07/6571 WAO en 08/6600 WAO
[Appellante], wonende te [woonplaats] (hierna: appellante),
tegen de uitspraken van de rechtbank Rotterdam van 17 oktober 2007, 07/1683 (hierna: aangevallen uitspraak I) en van 7 oktober 2008, 08/1402 (hierna: aangevallen uitspraak II),
de Raad van bestuur van het Uitvoeringsinstituut werknemersverzekeringen (hierna: Uwv).
Datum uitspraak: 8 mei 2009
Namens appellante, heeft mr. W. Nass, advocaat te Eindhoven, hoger beroep ingesteld.
Het Uwv heeft twee verweerschriften ingediend.
De gedingen zijn gevoegd behandeld ter zitting van de Raad van 27 maart 2009. Appellante is verschenen, bijgestaan door mr. Nass. Het Uwv heeft zich laten vertegenwoordigen door drs. J. Hut.
1. Voor een overzicht van de voor deze gedingen relevante feiten verwijst de Raad naar de aangevallen uitspraken I en II. De Raad volstaat hier met het volgende.
Bij op bezwaar genomen besluit van 4 september 2003 heeft het Uwv, onder handhaving van zijn besluit van 9 april 2003, de uitkering ingevolge de Wet op de arbeidsongeschikt-heidsverzekering van appellante per 8 juni 2003 ingetrokken en het bezwaar ongegrond verklaard. Tegen dit besluit is geen rechtsmiddel aangewend.

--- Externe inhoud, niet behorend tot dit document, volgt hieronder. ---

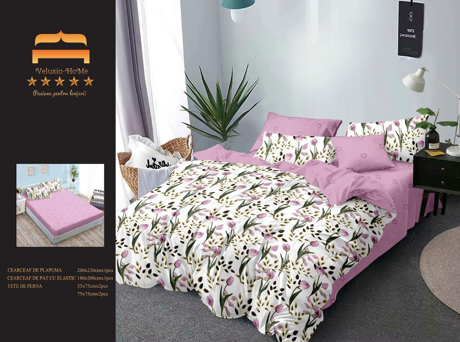 Lenjerie de pat cu 6 piese din bumbac 100%, tesatura FINET. Finet-ul este o tesatura care este tratata antisifonare, de o calitate superioara, cu o textura fina, usor pufoasa, moale si care permite pielii sa respire, pastrand temperatura corpului optima pe parcursul noptii.

Met betrekking tot de zaak 07/6571 WAO
2.1. Bij besluit van 21 november 2006 heeft het Uwv het verzoek van appellante om terug te komen van zijn beslissing van 4 september 2003 ten aanzien van de intrekking van de WAO-uitkering per 8 juni 2003, afgewezen.
2.2. Bij besluit van 27 maart 2007 heeft het Uwv het bezwaar van appellante ongegrond verklaard.
3. De rechtbank is in de aangevallen uitspraak I tot het oordeel gekomen dat het Uwv, gelet op artikel 4:6 van de Algemene wet bestuursrecht (Awb), met verwijzing naar de rapportage van de bezwaarverzekeringsarts A.D.C. Huijsmans van 22 maart 2007, terecht heeft geoordeeld dat niet is gebleken van nieuwe feiten of omstandigheden op grond waarvan de voormelde beslissingen niet in stand kunnen blijven.
4. De Raad onderschrijft het oordeel van de rechtbank en verenigt zich ten volle met de overwegingen die tot dat oordeel hebben geleid. Hetgeen namens appellante in hoger is aangevoerd bevat, vergeleken met de gronden in eerste aanleg, geen nieuwe elementen en heeft de Raad dan ook niet tot een ander oordeel kunnen brengen.
5. De aangevallen uitspraak I komt voor bevestiging in aanmerking.
Met betrekking tot de zaak 08/6600 WAO
6. Appellante heeft zich op 2 november 2006 en 21 mei 2007 in verband met op of rond 1 november 2003 toegenomen klachten, zijnde lage rugklachten met uitstraling naar het rechterbeen, tot het Uwv gewend met een aanvraag om toekenning van een uitkering in het kader van artikel 43a van de WAO. Het Uwv heeft bij het op bezwaar genomen besluit van 18 februari 2008, zijn besluit van 20 november 2007 gehandhaafd waarbij het verzoek van appellante is afgewezen en heeft vervolgens het bezwaar van appellante ongegrond verklaard. Het Uwv heeft hiertoe overwogen dat de mate van arbeids-ongeschiktheid vanaf 1 november 2003 niet is toegenomen ten opzichte van 8 juni 2003, de datum van intrekking van de WAO-uitkering.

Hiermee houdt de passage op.